WASHINGTON: Russian President Vladimir Putin strongly denied he had any compromising material about US President Donald Trump in a sometimes combative televised interview broadcast yesterday.

"Well, this is just another load of nonsense," Mr Putin said on NBC News' Sunday Night With Megyn Kelly, when asked whether he had any damaging information on the Republican president.

The remarks were the latest in a series of denials from Moscow that have had little impact so far on a political crisis in the United States over potential links between Russia and Mr Trump's inner circle.

The issue will be front and centre this week in Washington, where former FBI Director James Comey is due to testify on whether Mr Trump tried to get him to back off from an investigation into alleged ties between his election campaign and Moscow.

Comey, who was leading the FBI probe into alleged Russian meddling in last year's US presidential election, was fired by Mr Trump last month, four years into his 10-year term.

Mr Putin also told NBC that regardless of Mr Trump's previous travel to Russia as a businessman, he had had no relationship with him and had never met him.
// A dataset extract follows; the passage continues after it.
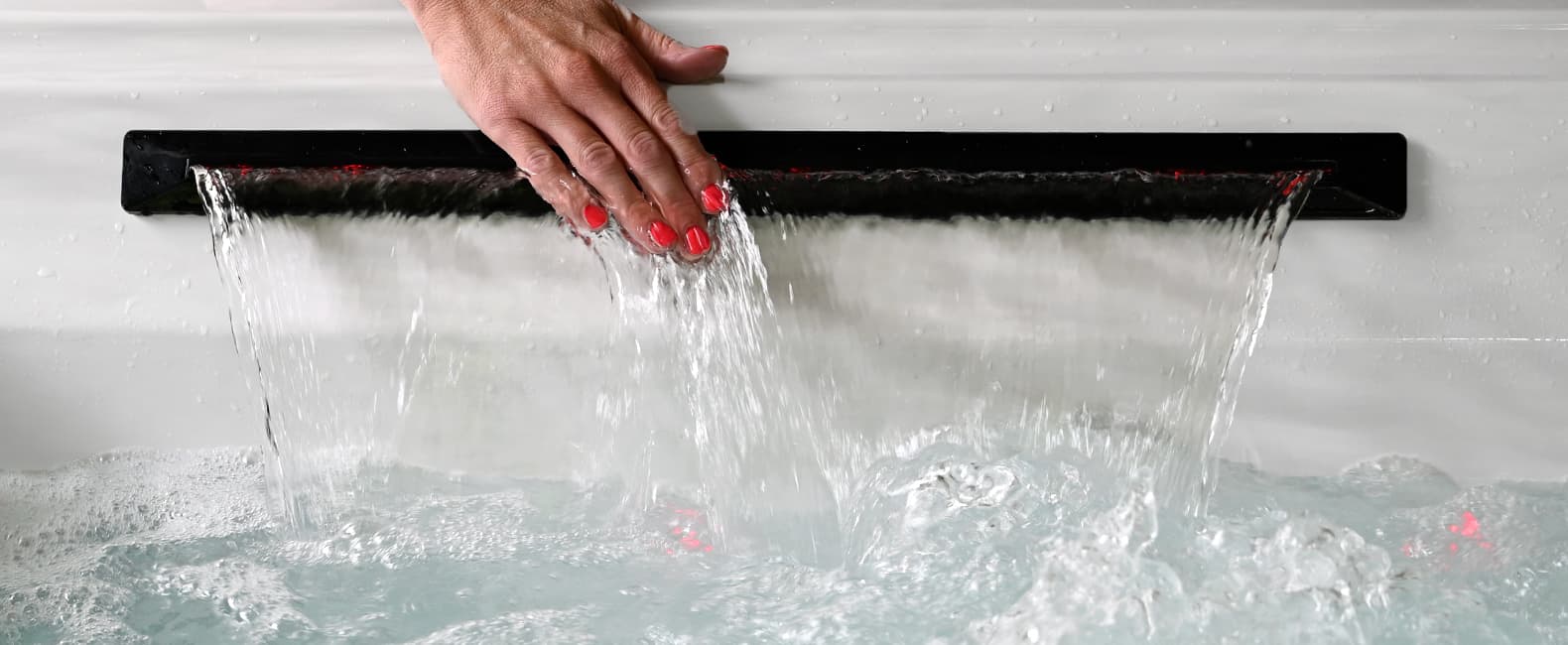 Eine außergewöhnliche Funktion dieses Whirlpools ist es, dass die Zirkulationspumpe über einen extra Button ein- und ausgeschaltet werden kann, unabhängig von den Filterzyklen. Der Wasserfall ist mit der Zirkulationspumpe verbunden. Da die Zirkulationspumpe sehr leise arbeitet, kann der Wasserfall nahezu geräuschlos verwendet werden. Das sanfte Plätschern des Wassers umrahmt Ihren Aufenthalt im Whirlpool oder im Garten.

He also noted that executives from perhaps 100 American companies were currently in Russia.

"Do you think we're gathering compromising information on all of them right now or something?" Mr Putin asked, before saying: "Have you all lost your senses?"

Mr Trump has offered contradictory accounts of his relationship with Mr Putin over time but has also said the two never met.
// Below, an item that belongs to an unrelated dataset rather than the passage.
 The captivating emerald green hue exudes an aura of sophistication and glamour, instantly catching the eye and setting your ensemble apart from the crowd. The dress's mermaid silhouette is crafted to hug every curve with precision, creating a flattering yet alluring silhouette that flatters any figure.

The two have spoken several times by phone since Mr Trump's election.

The US President has called an FBI investigation into alleged ties between his campaign and Russia a "witch hunt" designed to undermine the legitimacy of his 2016 election win.
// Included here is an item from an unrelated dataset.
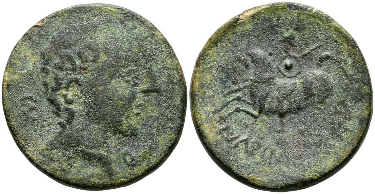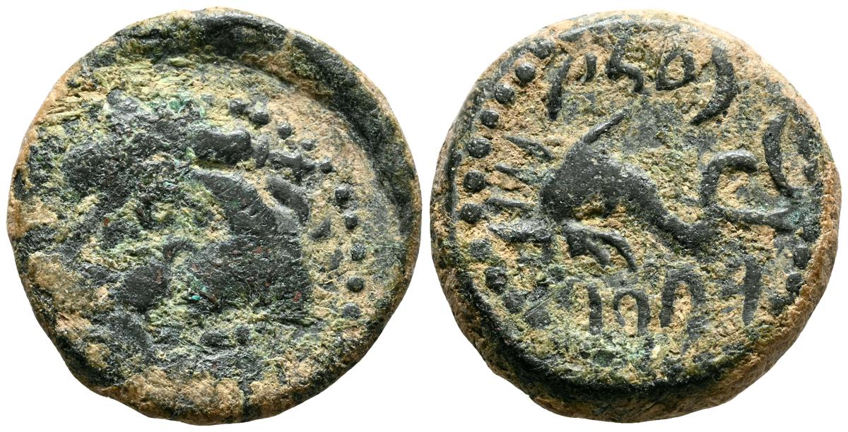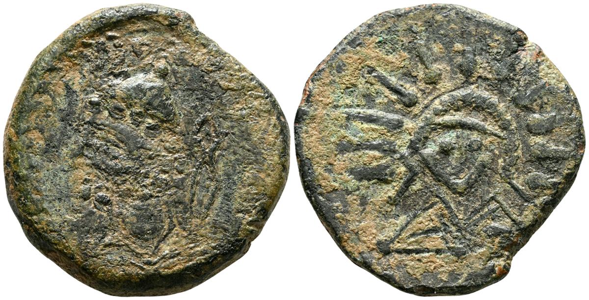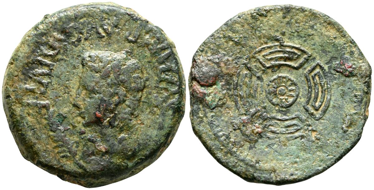 OBULCO (Porcuna, Jaén). As. (Ae. 17,84g/29mm). 220-20 d.C. (FAB-1815). Anv: Cabeza femenina a derecha, delante leyenda externa: OBVLCO, detrás creciente y letra ibérica Ta. Rev: Arado a derecha, debajo espiga a izquierda, entre ellos leyenda: L AIMIL/ M IVNI/ AID. MBC-.

Mr Trump has also disparaged a dossier of unsubstantiated allegations that purported to show Russian intelligence operatives had compromising information about him - describing it as a "hoax".

US intelligence agencies concluded in January that Moscow tried to tilt the election campaign in Mr Trump's favour, including by hacking into the e-mails of senior Democrats, a charge the Kremlin denies.

"They have been misled," Mr Putin said.

"And they aren't analysing the information in its entirety.

"I haven't seen, even once, any direct proof of Russian interference in the (US) presidential election."

Mr Trump has denied any collusion but the FBI and congressional probes into the Russia matter have dogged the early months of his presidency.